• **Requirement**
Retype word for word the stretch of entries below from the line that has "Interview Assessment Form" through the line that has "La livraison comprend", and omit the pictures.

--- Task input ---

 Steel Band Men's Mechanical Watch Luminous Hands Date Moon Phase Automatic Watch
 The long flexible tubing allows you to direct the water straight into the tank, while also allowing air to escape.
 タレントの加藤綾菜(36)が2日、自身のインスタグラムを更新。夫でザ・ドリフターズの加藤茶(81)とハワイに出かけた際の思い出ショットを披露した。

---
--- Task input ---

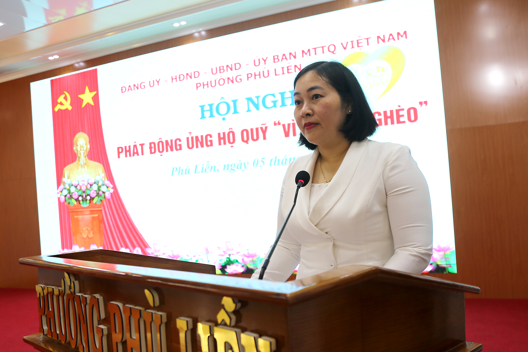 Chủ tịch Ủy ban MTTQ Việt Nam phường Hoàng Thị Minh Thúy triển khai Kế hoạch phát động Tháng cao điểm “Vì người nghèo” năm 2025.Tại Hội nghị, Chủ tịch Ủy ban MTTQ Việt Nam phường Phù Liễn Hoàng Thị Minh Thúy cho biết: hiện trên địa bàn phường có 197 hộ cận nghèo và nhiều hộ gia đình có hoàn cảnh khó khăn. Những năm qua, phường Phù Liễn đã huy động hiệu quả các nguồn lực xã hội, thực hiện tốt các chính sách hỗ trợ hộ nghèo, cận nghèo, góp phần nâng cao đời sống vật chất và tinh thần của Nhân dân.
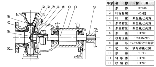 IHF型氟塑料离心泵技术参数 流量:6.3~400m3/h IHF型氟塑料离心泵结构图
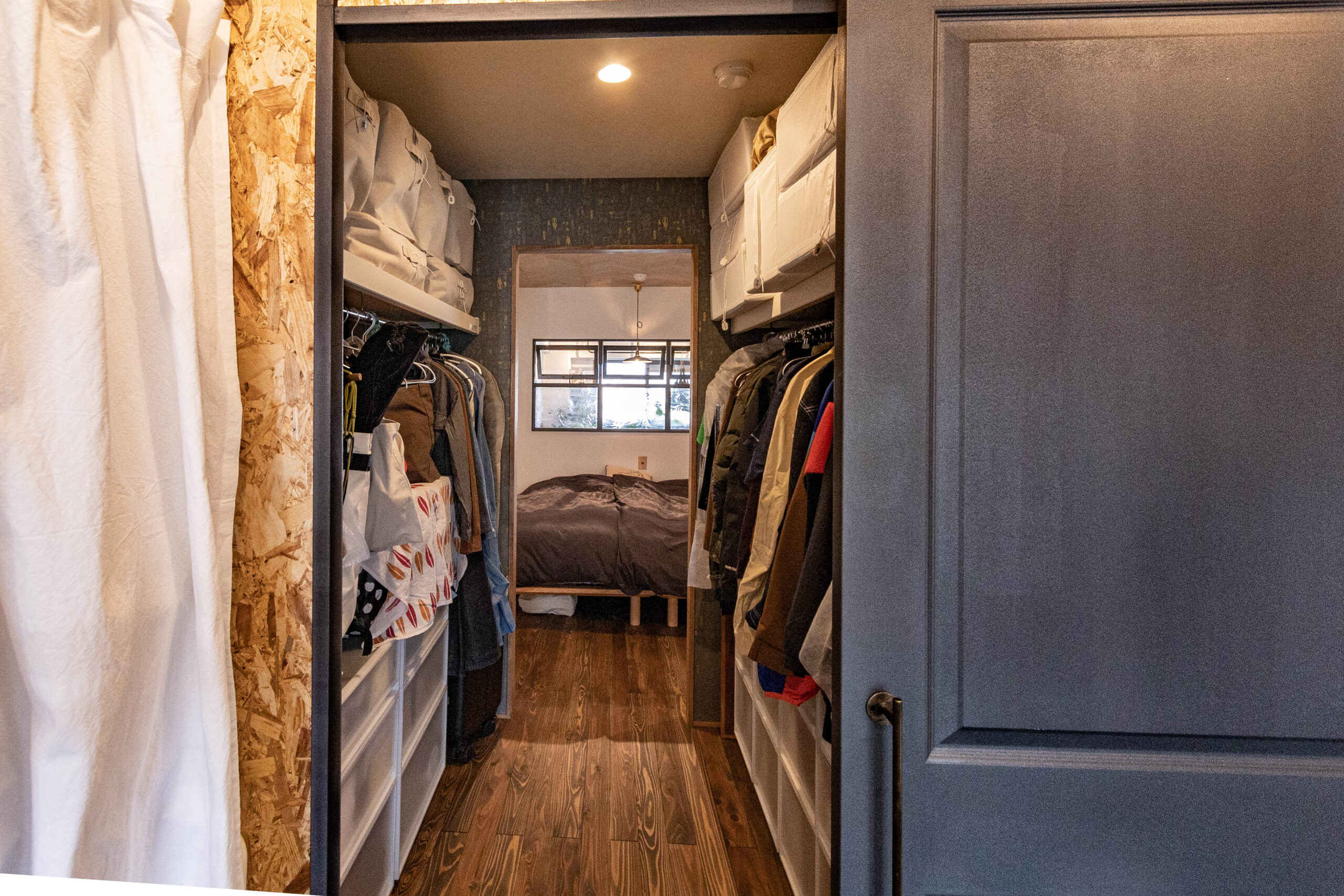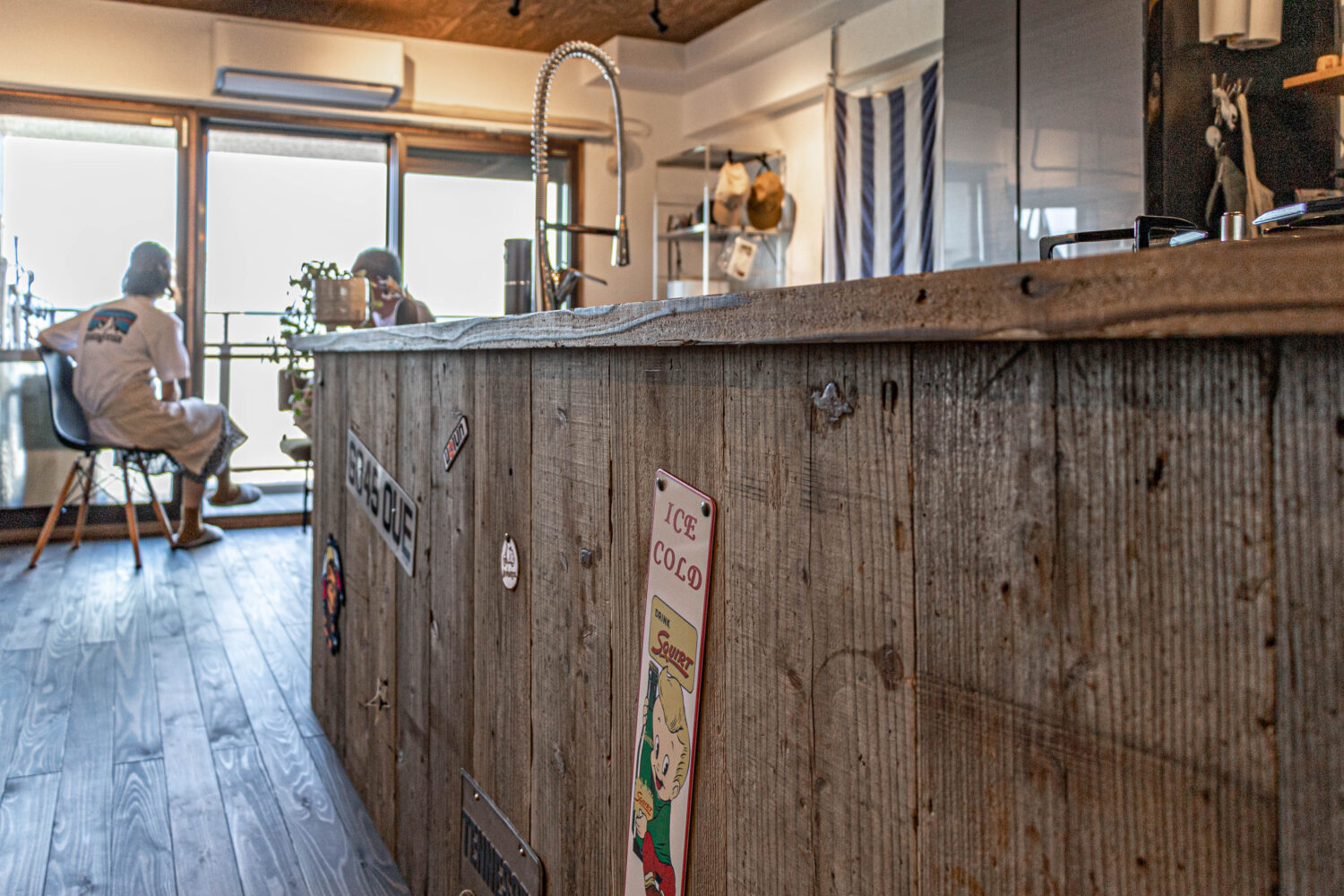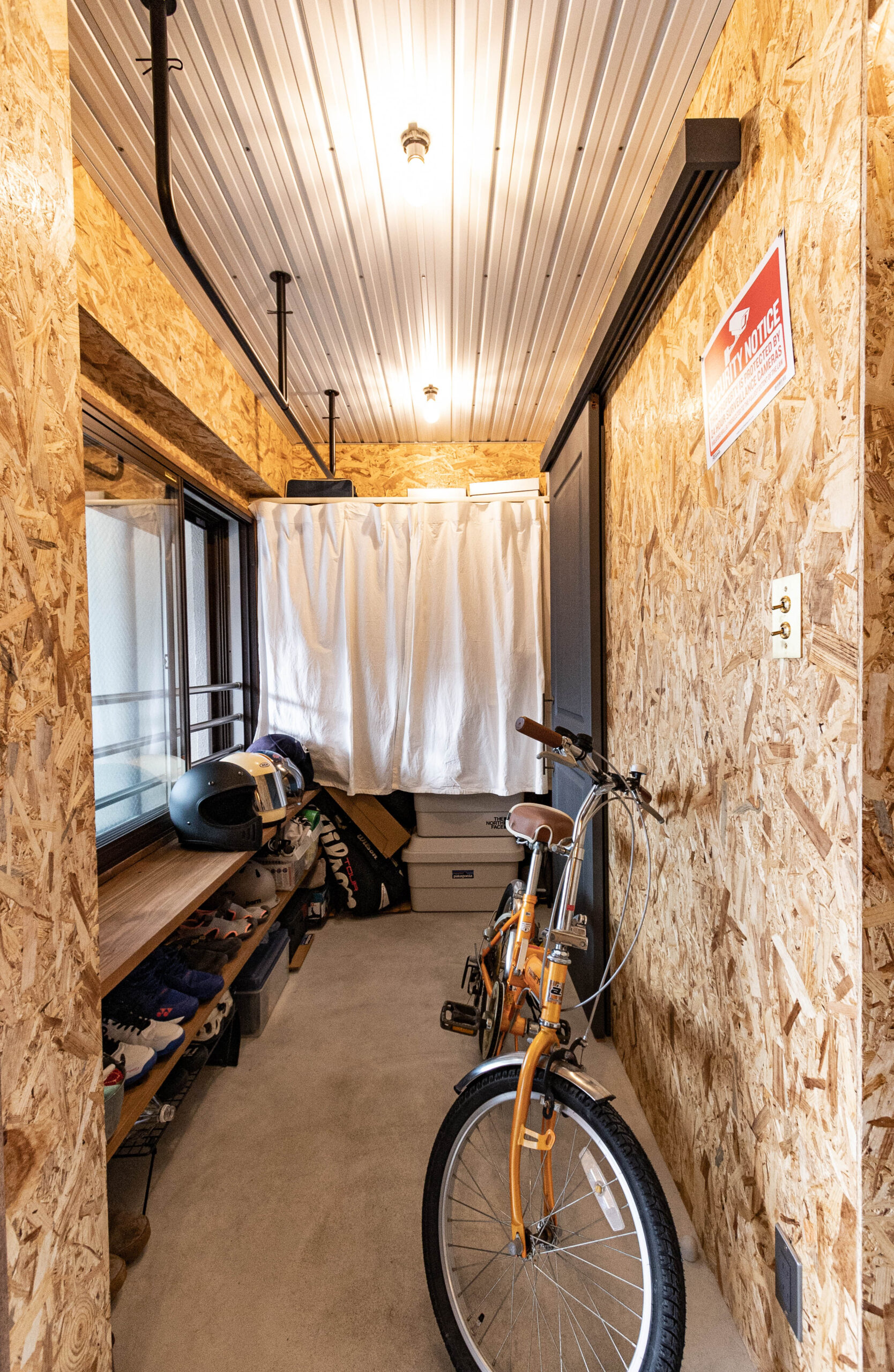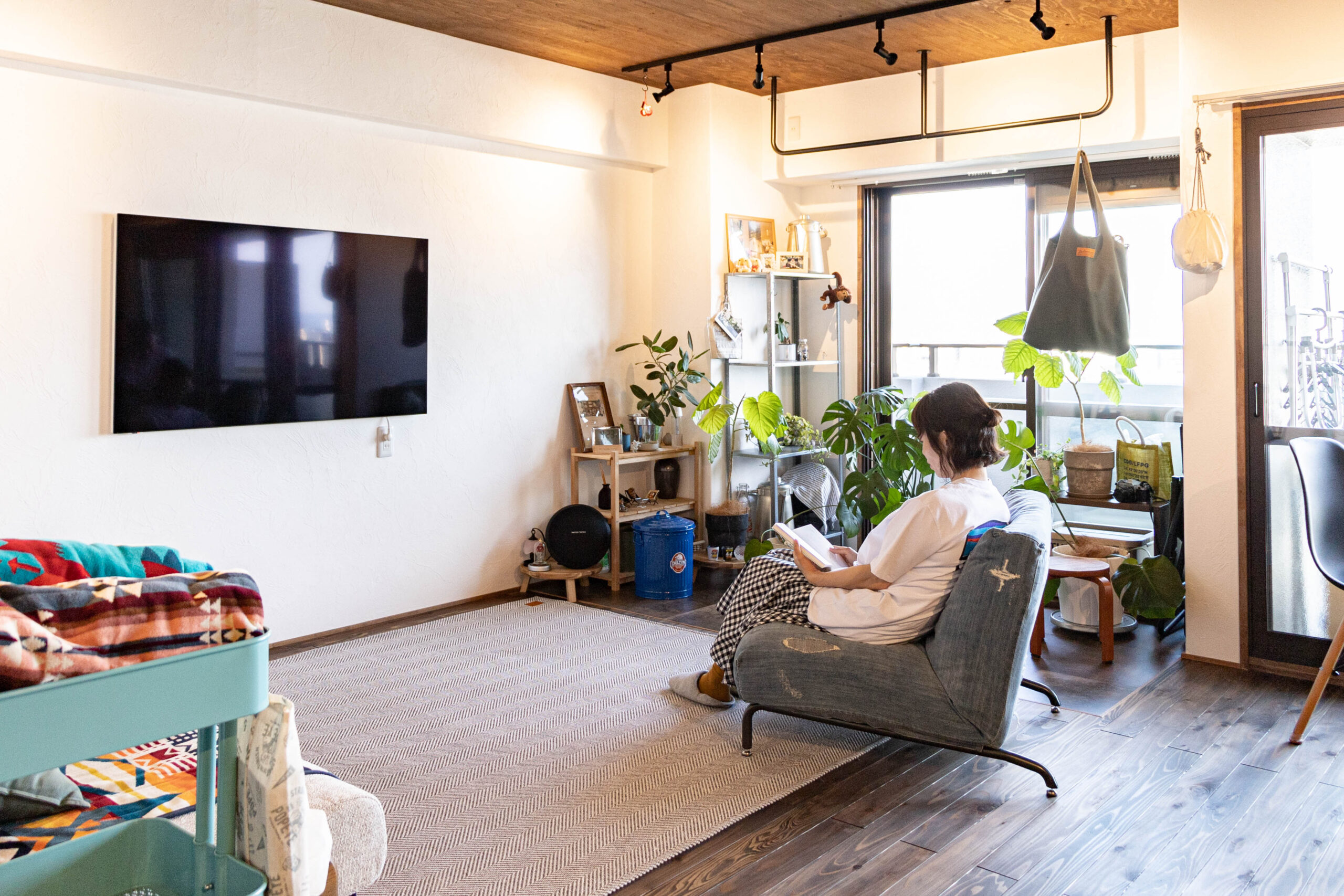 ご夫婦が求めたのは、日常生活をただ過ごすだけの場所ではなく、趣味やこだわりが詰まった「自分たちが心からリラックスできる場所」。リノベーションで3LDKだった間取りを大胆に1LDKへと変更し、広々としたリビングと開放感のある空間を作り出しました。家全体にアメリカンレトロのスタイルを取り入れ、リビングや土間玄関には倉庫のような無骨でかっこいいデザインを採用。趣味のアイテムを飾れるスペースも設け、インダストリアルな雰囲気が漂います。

---
--- Task input ---

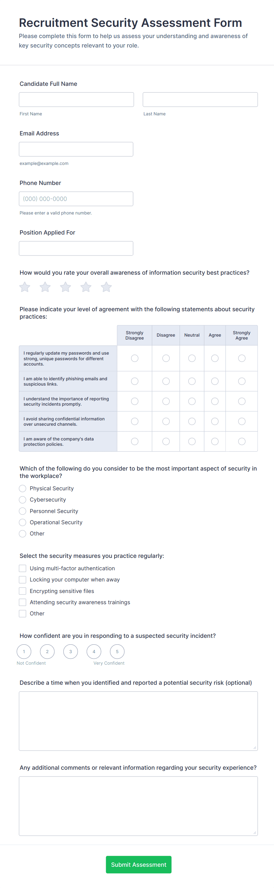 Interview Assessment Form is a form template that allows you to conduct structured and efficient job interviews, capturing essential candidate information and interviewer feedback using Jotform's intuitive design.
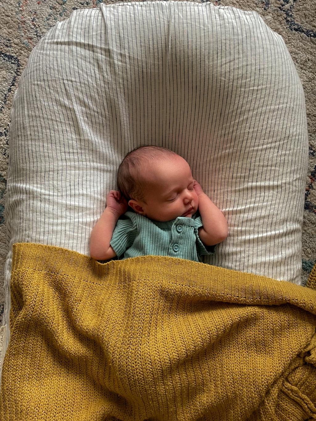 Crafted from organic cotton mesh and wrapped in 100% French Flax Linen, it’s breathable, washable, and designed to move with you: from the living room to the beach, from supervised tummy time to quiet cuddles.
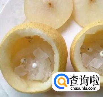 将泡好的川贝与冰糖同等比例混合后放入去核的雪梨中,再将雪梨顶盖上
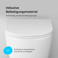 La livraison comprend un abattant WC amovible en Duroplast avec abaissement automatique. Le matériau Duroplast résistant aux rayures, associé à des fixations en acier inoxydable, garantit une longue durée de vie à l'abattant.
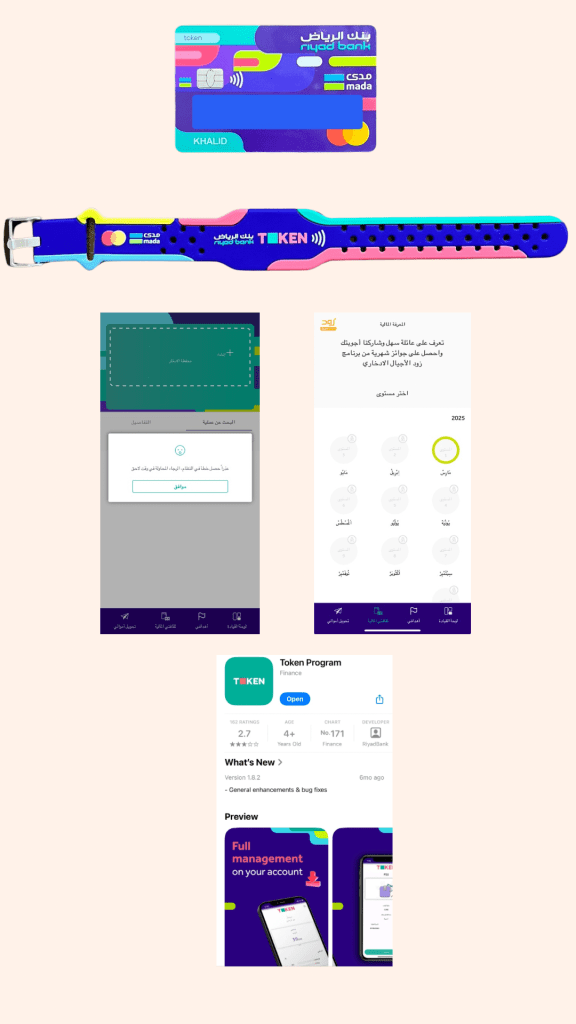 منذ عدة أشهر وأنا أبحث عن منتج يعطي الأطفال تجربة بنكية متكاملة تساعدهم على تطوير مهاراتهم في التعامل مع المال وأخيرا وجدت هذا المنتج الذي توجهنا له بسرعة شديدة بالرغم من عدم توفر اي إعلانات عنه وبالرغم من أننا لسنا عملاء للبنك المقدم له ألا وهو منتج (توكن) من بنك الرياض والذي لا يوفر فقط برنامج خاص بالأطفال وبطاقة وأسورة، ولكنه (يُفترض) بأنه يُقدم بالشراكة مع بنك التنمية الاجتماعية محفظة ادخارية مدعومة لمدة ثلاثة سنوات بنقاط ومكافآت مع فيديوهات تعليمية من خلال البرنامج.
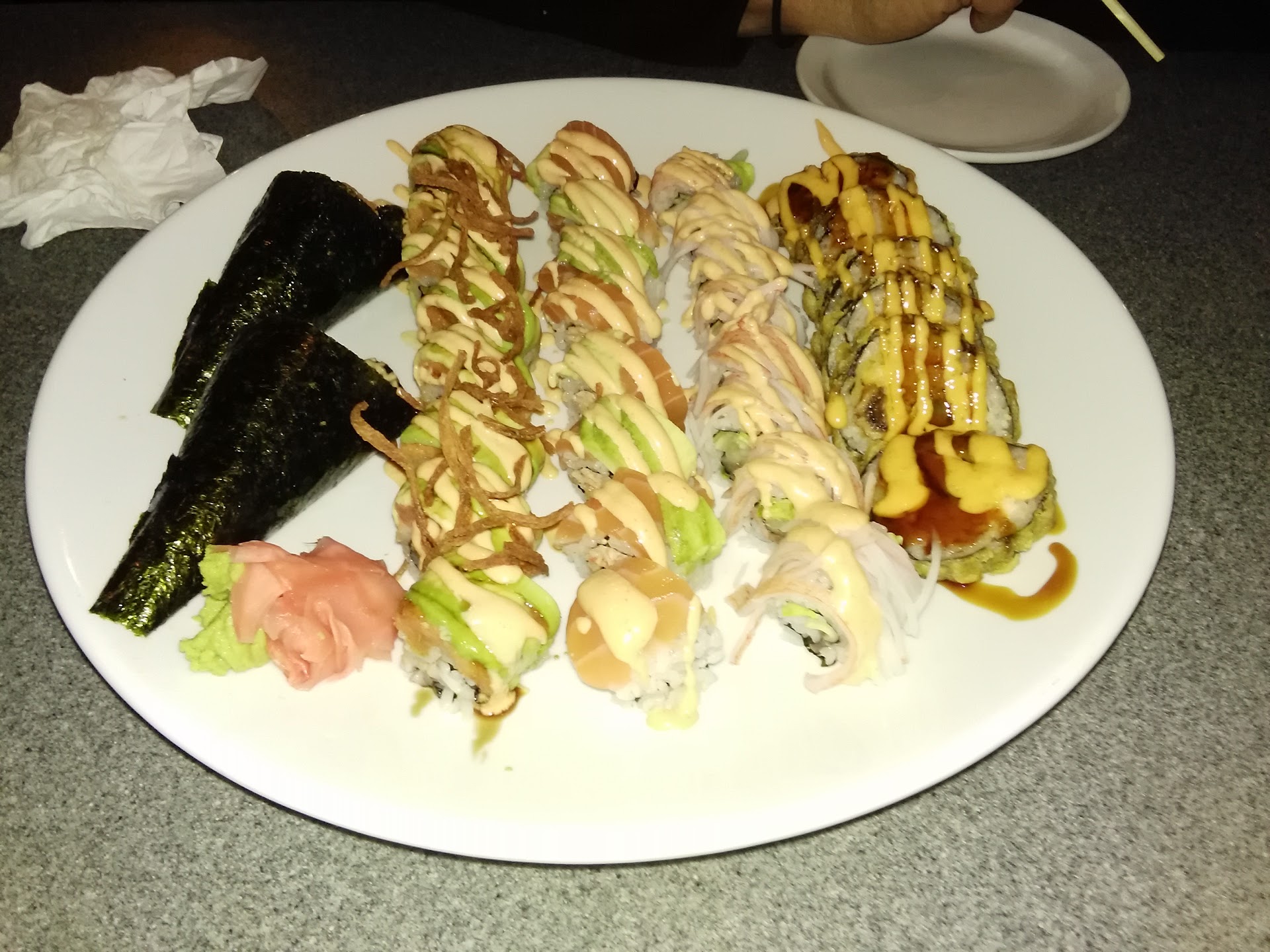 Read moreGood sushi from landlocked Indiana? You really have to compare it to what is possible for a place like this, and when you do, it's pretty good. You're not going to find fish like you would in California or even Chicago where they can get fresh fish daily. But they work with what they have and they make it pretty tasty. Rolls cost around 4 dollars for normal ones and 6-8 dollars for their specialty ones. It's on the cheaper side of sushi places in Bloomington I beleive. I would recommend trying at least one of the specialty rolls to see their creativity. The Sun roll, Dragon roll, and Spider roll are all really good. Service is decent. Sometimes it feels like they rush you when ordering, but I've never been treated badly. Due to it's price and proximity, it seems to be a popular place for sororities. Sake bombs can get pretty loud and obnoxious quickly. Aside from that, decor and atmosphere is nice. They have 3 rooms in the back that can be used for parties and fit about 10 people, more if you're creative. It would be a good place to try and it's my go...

---

• **Task response**
 Interview Assessment Form is a form template that allows you to conduct structured and efficient job interviews, capturing essential candidate information and interviewer feedback using Jotform's intuitive design.
 Crafted from organic cotton mesh and wrapped in 100% French Flax Linen, it’s breathable, washable, and designed to move with you: from the living room to the beach, from supervised tummy time to quiet cuddles.
 将泡好的川贝与冰糖同等比例混合后放入去核的雪梨中,再将雪梨顶盖上
 La livraison comprend un abattant WC amovible en Duroplast avec abaissement automatique. Le matériau Duroplast résistant aux rayures, associé à des fixations en acier inoxydable, garantit une longue durée de vie à l'abattant.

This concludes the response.